“Father Stu” is like a work of conceptual art—it represents an idea. You don’t always need to see it to get the gist. And sometimes it’s just as well you don’t.
The biographical film, “based on a true story” (a phrase intended to provide wiggle room) stars Mark Wahlberg as Stuart Long, an amateur boxer turned Catholic priest who at the beginning of his clerical career was stricken with a disabling and ultimately fatal neurological disease. The movie’s message is redemption, of course, something implicit in the casting of the film: Mark Wahlberg has had his share of public problems. In addition, Mel Gibson, who carries more baggage than Delta Airlines, plays Stu’s father, Bill, whom one is tempted to describe as irredeemable—except of course, that would imply the message of the movie wasn’t getting across.
“Father Stu” is intended to be inspirational, but viewers may find any sense of elevation elusive.
Written and directed by Gibson’s partner (and mother of his child), Rosalind Ross, “Father Stu” is intended to be inspirational, but viewers may find any sense of elevation elusive. Stu pursues his fighting “career,” such as it is, far beyond a reasonable age or state of health (early on, a doctor advises him to quit and receives a torrent of vulgarity in return). He’s a dogged kind of guy who will approach his religious calling—he receives a visit from the Blessed Virgin after a near-fatal motorcycle accident—with the same unreasonable expectations he brought to boxing. Malcolm McDowell, who plays the seminary rector, Monsignor Kelly, who receives Stu’s application for enrollment, is certainly a sympathetic character, sympathetically portrayed: Stu is probably the most improbable candidate Kelly has ever considered, never mind the most abrasive. But the spirit of “Father Stu” is “never give up.” Stu doesn’t; Kelly does.
Long was a priest for only four years before succumbing at age 50 to his degenerative muscle disease (inclusion body myositis), so “Father Stu” by necessity spends the first of its two hours on Stu’s pre-vocational life, an aimless journey that involves small-time criminality, drunkenness, a mutually abusive relationship with his father and, after boxing, a journey west where he hopes to get into acting. The portrayal of Hollywood is calculated to feed conventional biases: The first casting agent Stu meets, a man, makes a sexual overture to him and is, of course, assaulted for his trouble.

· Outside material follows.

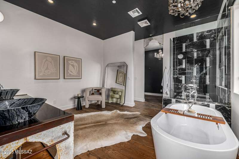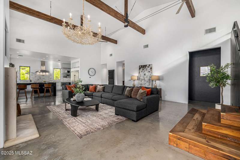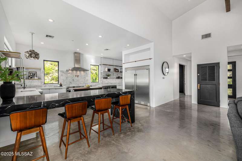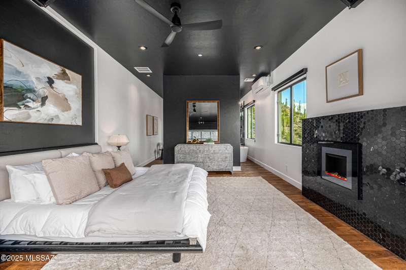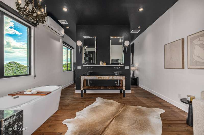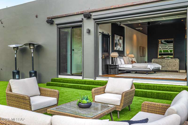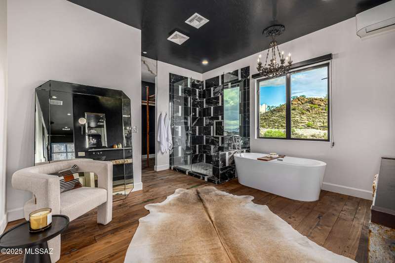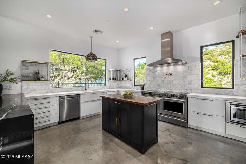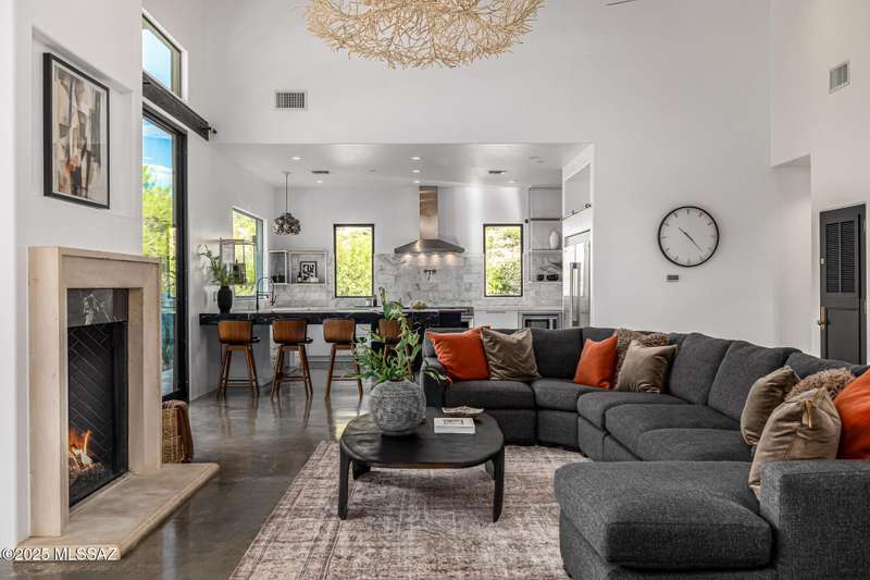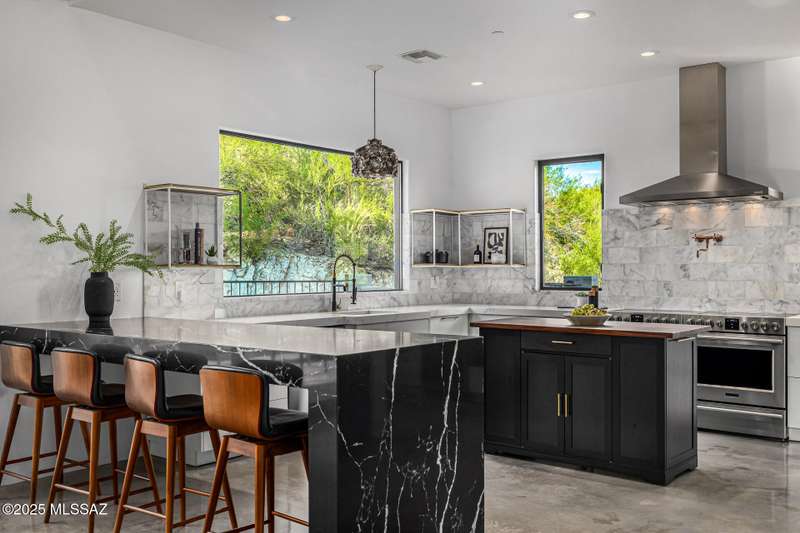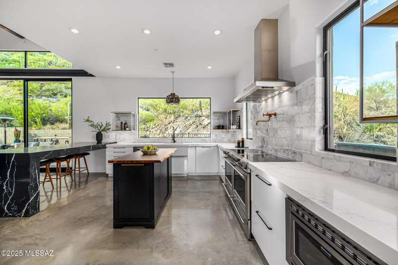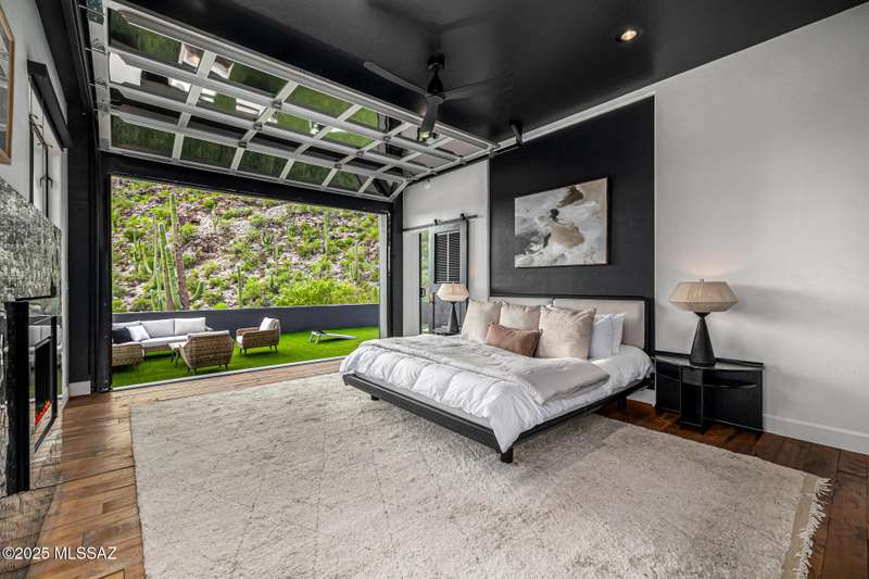 Nestled deep in the scenic Tortolita Mountains, this fully custom-built 2018 estate combines refined design with extensive upgrades inside and out. The property welcomes you with an asphalt driveway, elegant paver accents, and professionally landscaped grounds featuring outdoor lighting, solar lamps, a decorative fountain, and a custom-finished front entry. All the doors used in the home were from the historic Hotel Hidalgo! The roof has been resealed and the exteriors freshly repainted. Enjoy resort-style outdoor living with a sparkling pool (new heater), a mesquite-mantle fireplace with a custom screen, propane starter, built-in barbecue mechanics, and decorative fencing. Set against a backdrop of untouched desert beauty, the estate offers breathtaking 360-degree panoramic views of

Stu approaches his religious calling with the same unreasonable expectations he brought to boxing.
“You don’t belong with those people,” advises his mom, Kathleen (Jacki Weaver, burdened with dialogue only a scriptwriter’s mother could love). Stu doesn’t listen. Stu never listens. (Except to Mary.) What audiences will be wondering about is Stu’s self-regard: Does he really think he is charming? As portrayed by Wahlberg, he is the opposite—vulgar, obnoxious, too old for juvenile delinquency and burdened with a myopia about social signaling and appropriate behavior that seems intended to be heroic yet is anything but. It is a particularly cringeworthy experience watching Stu’s courtship, as it were, of Carmen (Teresa Ruiz), the beautiful young member of a local church who is clearly too devout for Stu. (“As Catholic as the cross,” someone says of her.) As part of his campaign to woo Carmen, Stu offers to be baptized. “Imperfect contrition” would describe his first confession, though that would also be putting it mildly.
Carmen is eventually won over, which may mystify viewers. So may Stu’s decision to join the priesthood (and leave Carmen behind) after surviving his bike crash and receiving visits from Jesus in a bar and Mary on the roadside. “She don’t give a good goddamn about a real mother’s son,” Kathleen wails, as if she would have preferred Stu to perish. His father’s response is equally supportive: Stu’s attempt to join priesthood “is like Hitler trying to join the ADL.” It would be funny, if you weren’t immediately struck by the notion that Bill would have no idea what the ADL is. And that Mel Gibson undoubtedly does.